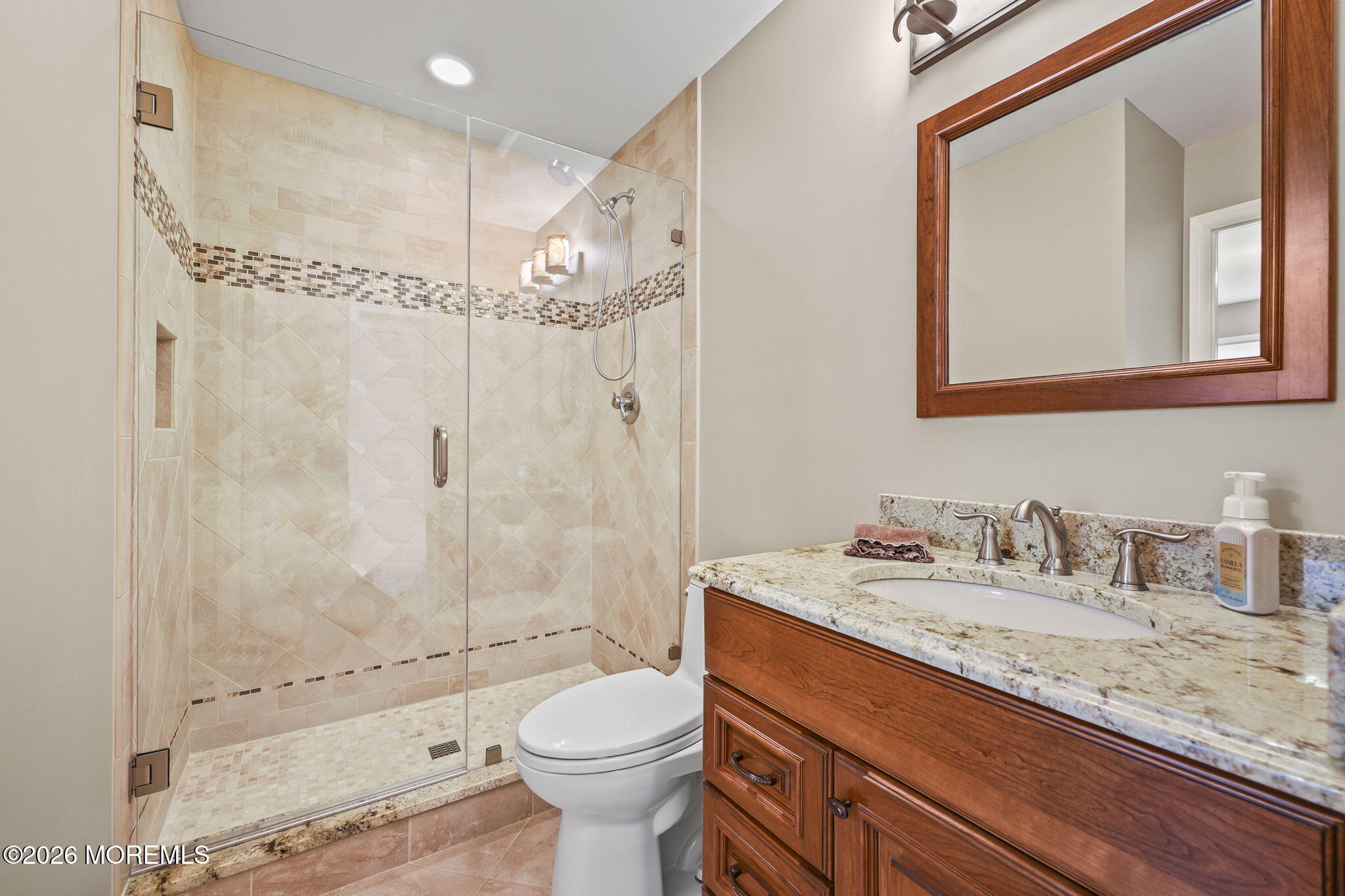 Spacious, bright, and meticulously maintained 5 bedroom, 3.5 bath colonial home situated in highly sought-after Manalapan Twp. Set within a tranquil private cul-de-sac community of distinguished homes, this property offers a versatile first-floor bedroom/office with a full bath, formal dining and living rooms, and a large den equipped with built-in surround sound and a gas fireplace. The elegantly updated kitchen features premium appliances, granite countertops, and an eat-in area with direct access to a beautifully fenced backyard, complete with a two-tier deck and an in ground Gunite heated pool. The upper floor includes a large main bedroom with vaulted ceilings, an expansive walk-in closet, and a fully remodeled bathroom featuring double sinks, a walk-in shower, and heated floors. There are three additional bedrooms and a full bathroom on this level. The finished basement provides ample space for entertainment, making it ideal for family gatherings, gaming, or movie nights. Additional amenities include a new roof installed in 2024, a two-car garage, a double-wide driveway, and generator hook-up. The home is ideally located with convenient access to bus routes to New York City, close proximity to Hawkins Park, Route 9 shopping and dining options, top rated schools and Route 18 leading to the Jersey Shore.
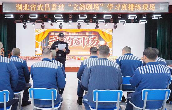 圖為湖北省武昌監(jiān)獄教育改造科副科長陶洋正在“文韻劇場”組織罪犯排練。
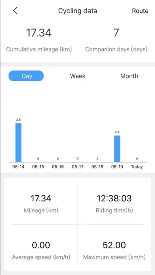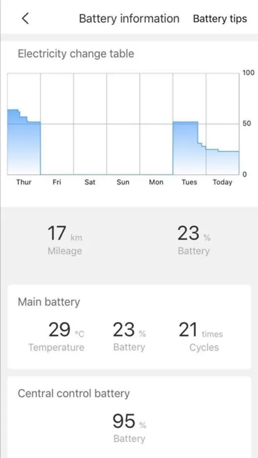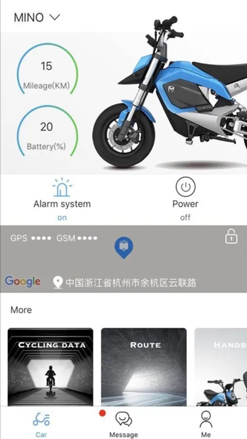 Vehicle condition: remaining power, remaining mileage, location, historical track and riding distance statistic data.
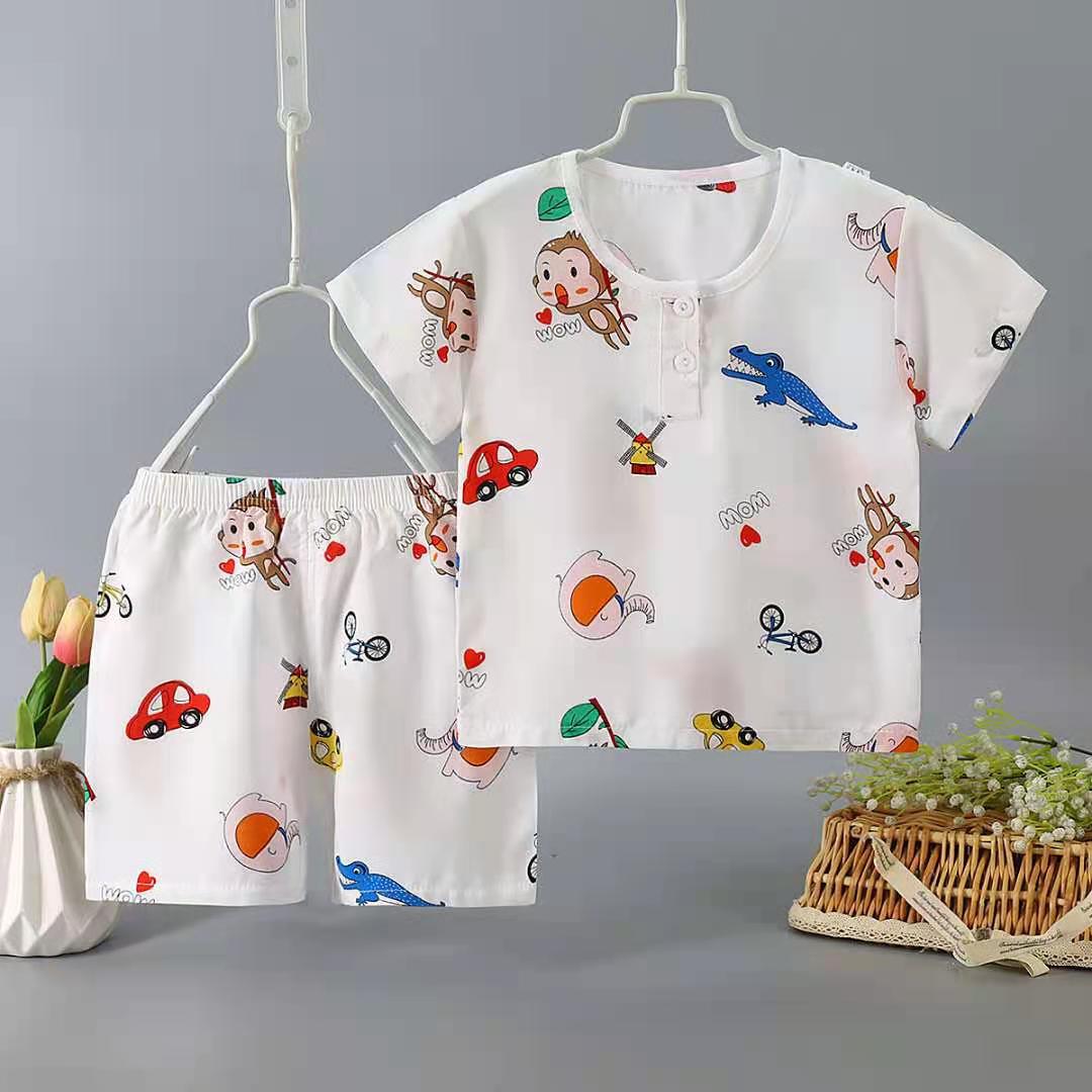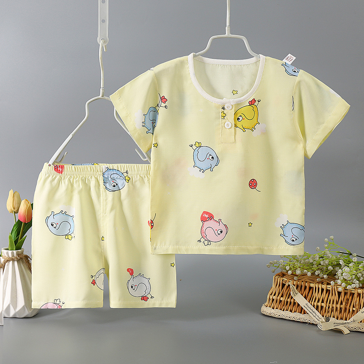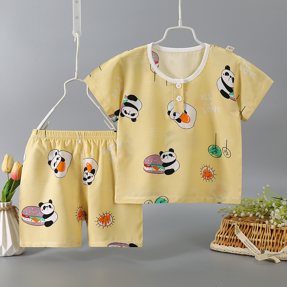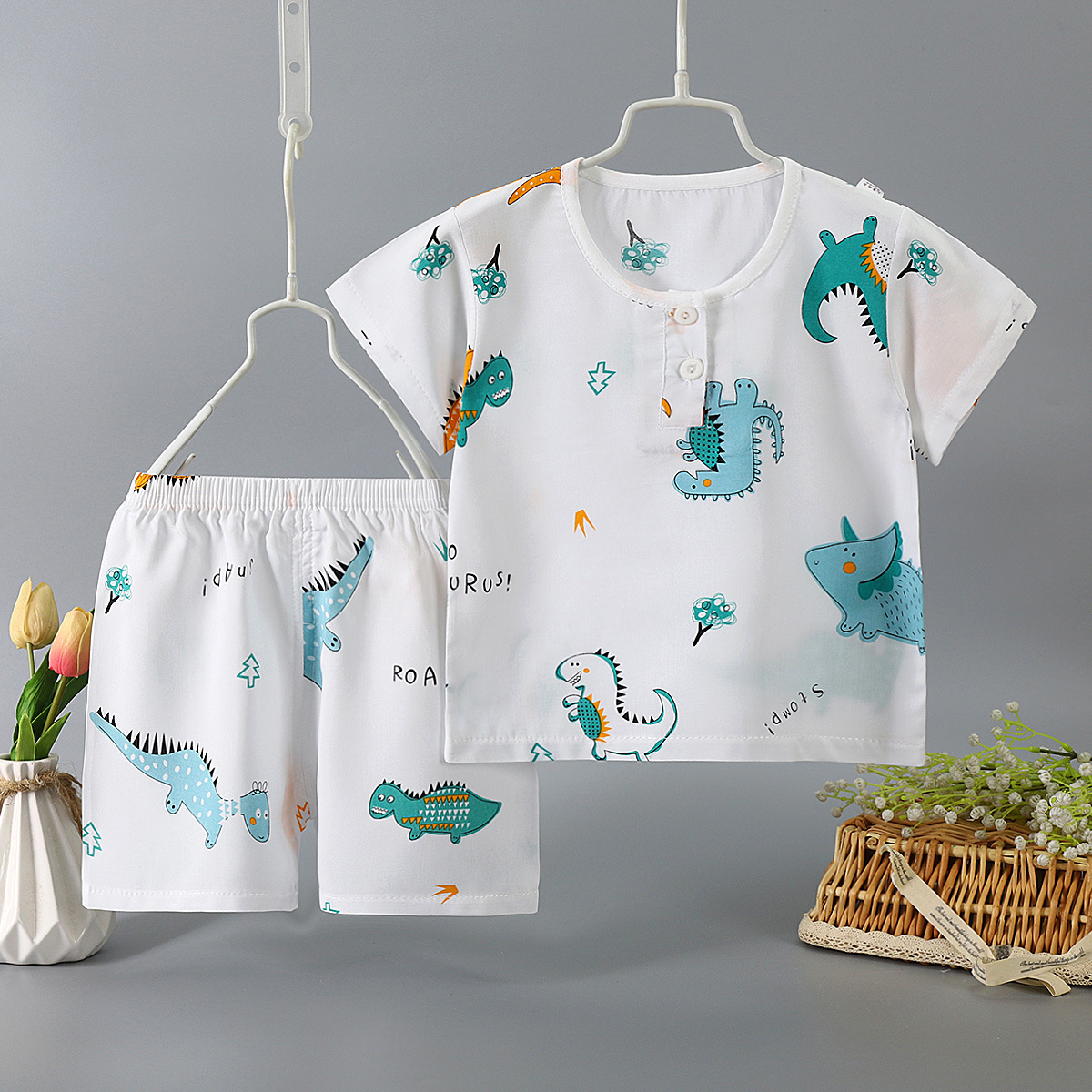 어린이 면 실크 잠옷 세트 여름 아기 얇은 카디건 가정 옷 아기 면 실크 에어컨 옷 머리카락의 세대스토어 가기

* * * * *

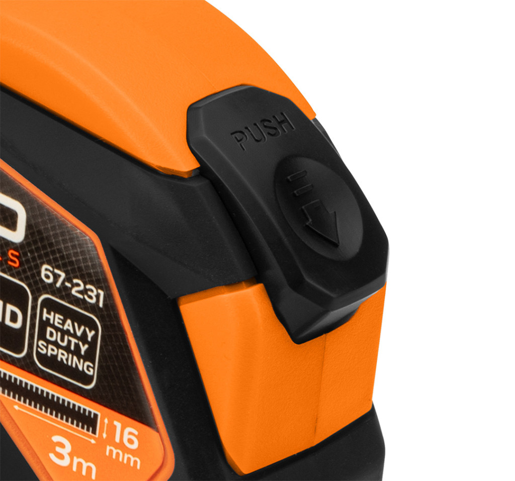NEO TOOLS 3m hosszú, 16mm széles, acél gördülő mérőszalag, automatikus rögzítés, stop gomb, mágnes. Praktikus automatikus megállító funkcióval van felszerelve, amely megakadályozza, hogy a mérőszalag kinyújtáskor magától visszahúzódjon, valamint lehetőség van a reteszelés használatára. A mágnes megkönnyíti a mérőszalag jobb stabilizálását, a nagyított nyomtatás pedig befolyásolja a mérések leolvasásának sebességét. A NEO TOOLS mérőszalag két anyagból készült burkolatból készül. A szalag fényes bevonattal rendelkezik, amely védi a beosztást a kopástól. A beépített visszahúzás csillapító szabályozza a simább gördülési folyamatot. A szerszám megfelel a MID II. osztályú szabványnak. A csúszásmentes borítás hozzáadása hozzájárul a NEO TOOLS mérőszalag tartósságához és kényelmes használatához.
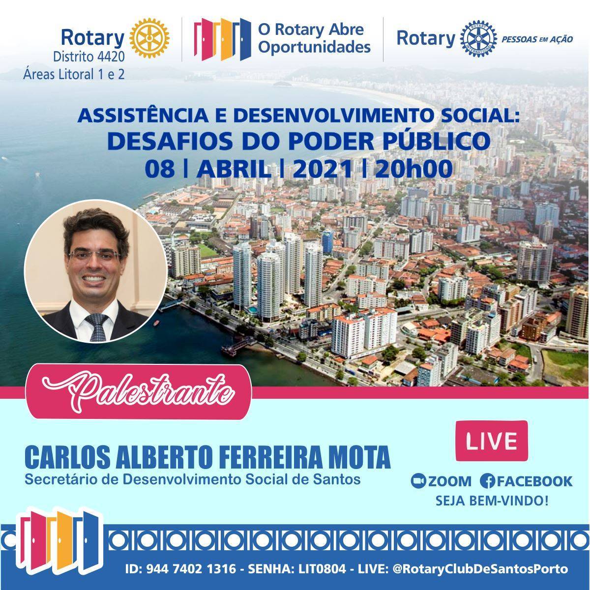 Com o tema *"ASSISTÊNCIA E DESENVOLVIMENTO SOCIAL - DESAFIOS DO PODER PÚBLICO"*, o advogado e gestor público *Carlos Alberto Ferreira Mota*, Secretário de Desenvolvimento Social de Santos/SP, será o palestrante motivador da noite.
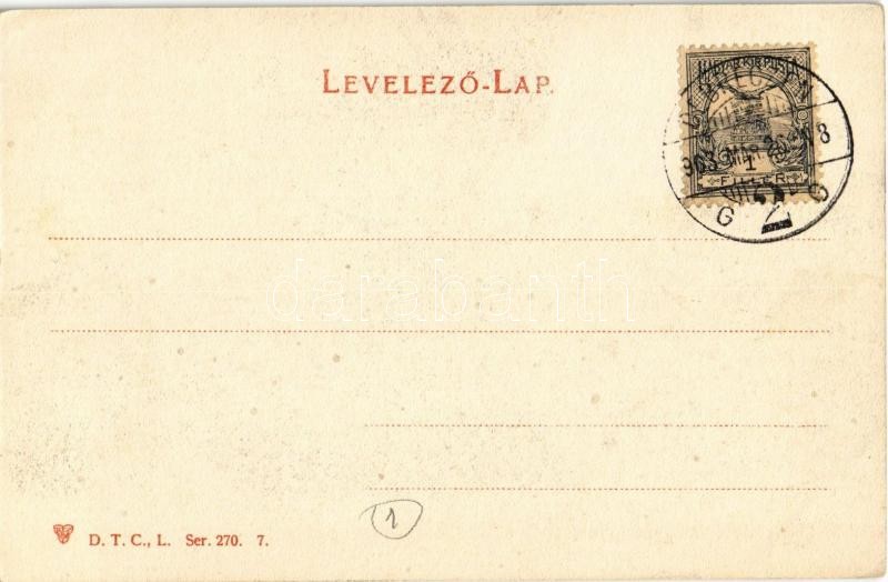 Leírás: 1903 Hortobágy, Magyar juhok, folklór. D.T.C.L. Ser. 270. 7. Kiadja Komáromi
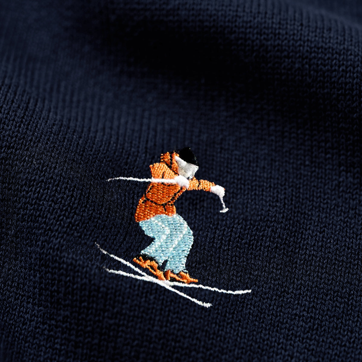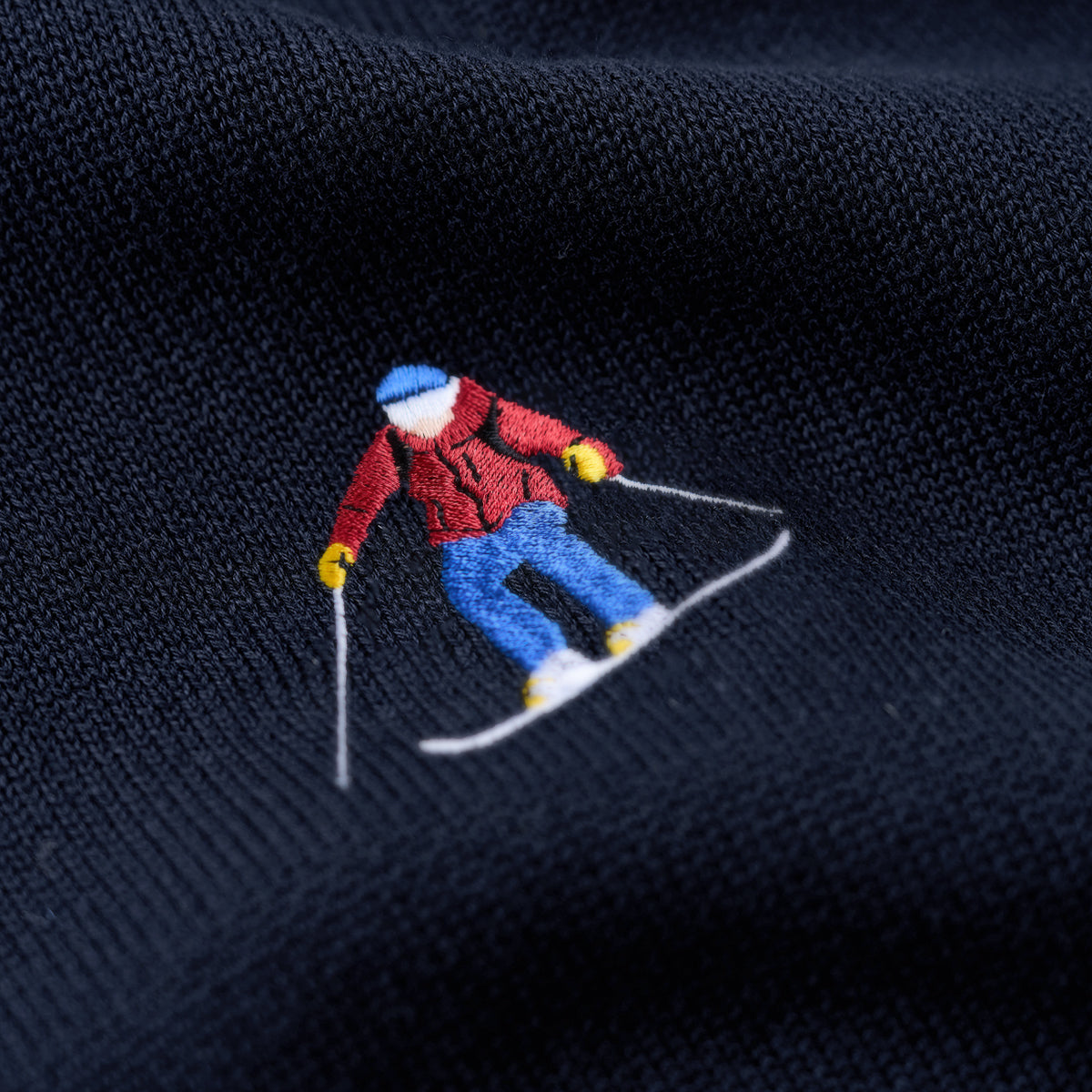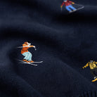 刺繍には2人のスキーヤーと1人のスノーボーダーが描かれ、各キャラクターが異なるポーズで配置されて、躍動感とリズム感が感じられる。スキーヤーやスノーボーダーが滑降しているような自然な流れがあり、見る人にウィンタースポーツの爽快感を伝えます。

* * * * *

*Work to complete*. Using the entries above, transcribe every line from the line containing "motivador da noite." through the line containing "刺繍には2人のスキーヤーと1". Do not copy pictures.

*Solution*.
 Com o tema *"ASSISTÊNCIA E DESENVOLVIMENTO SOCIAL - DESAFIOS DO PODER PÚBLICO"*, o advogado e gestor público *Carlos Alberto Ferreira Mota*, Secretário de Desenvolvimento Social de Santos/SP, será o palestrante motivador da noite.
 Leírás: 1903 Hortobágy, Magyar juhok, folklór. D.T.C.L. Ser. 270. 7. Kiadja Komáromi
 刺繍には2人のスキーヤーと1人のスノーボーダーが描かれ、各キャラクターが異なるポーズで配置されて、躍動感とリズム感が感じられる。スキーヤーやスノーボーダーが滑降しているような自然な流れがあり、見る人にウィンタースポーツの爽快感を伝えます。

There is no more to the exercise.